PINNACLE Telecom, the Scottish IT minnow, is to issue more than 500 million new shares to cover the cost of buying English technology group Accent Telecom.
Despite being one of one of Scotland's smallest Aim-listed companies, Pinnacle has close to 1.2 billion shares in issue. But it is now set to issue another 508,807,826 shares to cover the £661,450 cost of buying Accent.
Even before the new shares
are admitted to trading later this month, Pinnacle already has more shares in issue than FTSE-100 utility company, Scottish & Southern Energy, which has a comparatively modest total of 920,440,801 shares.
Aim-listed Pinnacle was founded as the comeback business of Graham Duncan, the former chief executive of Atlantic Telecom, who is now Pinnacle's non-executive chairman.
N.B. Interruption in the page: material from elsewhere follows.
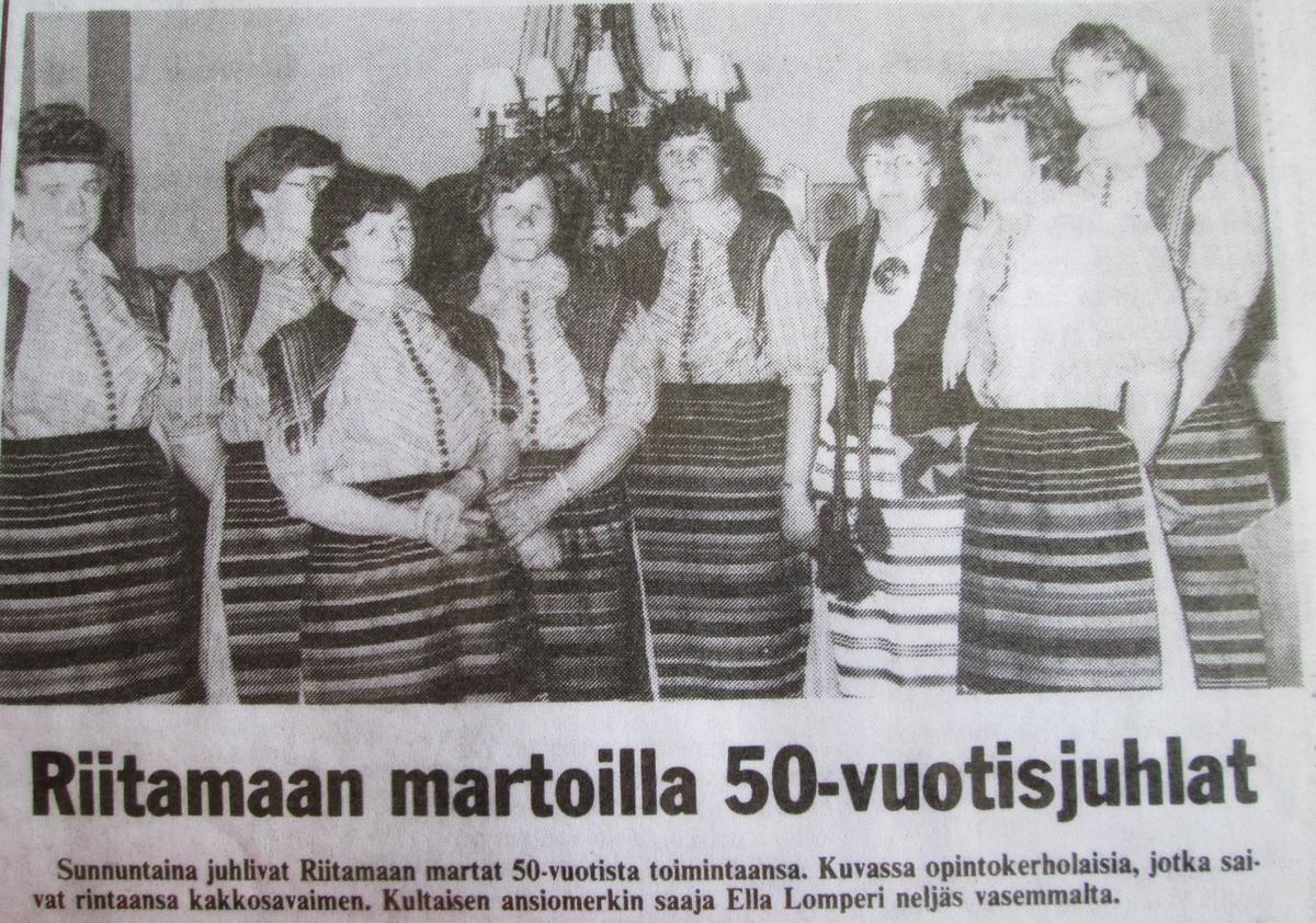 9.6.1985 Anjalan Riitamaan Marttayhdistys juhli puoli-vuosisataista taivaltaan, josta Anjalankosken sanomissa oli juttua m.m. tähän tapaan:

A darling of the dotcom bubble, Aberdeen-based Atlantic's value peaked at more than £2 billion, but it collapsed in 2001 with debts of £700 million.
Duncan's newer, more modest venture was formed in 2002 to provide IT and telecommunications services, mainly for small and medium-sized businesses. However, a string of deals funded primarily through new shares, combined with a falling share price, has seen its shares in issue swell, and following the latest deal it will have more than 1.7 billion shares in the market.
In early 2007, the company – which was then called Glen Group – was forced into a share split to allow it to raise cash.
Under stock exchange rules, shares can only be issued at or above par value, which in the case of Glen Group was 1p.
When the trading value of the company's shares fell below their face value, the company was forced to issue ten new 0.1p shares for every old share.
Earlier this year the shares fell below the par value once again, but the company has more than doubled in value since, and yesterday rose another 7.4 per cent – one hundredth of a penny – to 0.145p. Its market capitalisation was £1.7m.
It is likely that the number of Pinnacle's shares in issue will grow further, with its chief executive, Alan Bonner, saying yesterday that it was planning further bolt-on acquisitions.
Bonner said the deal for Accent was a "pivotal transaction" for Pinnacle, adding: "It will materially increase group turnover, and give the enlarged business greater scale and wider geographic coverage. Creating a business of substance remains a key objective of the board."
Accent owns stakes in companies which provide a range of services for SMEs, based in Middlesex, Dorking and Stockton-on-Tees. Its management are staying on in the company after the deal is completed.
According to its most recent accounts, Accent had turnover of £3.52m in the year to 31 March, generating an operating profit of £17,000.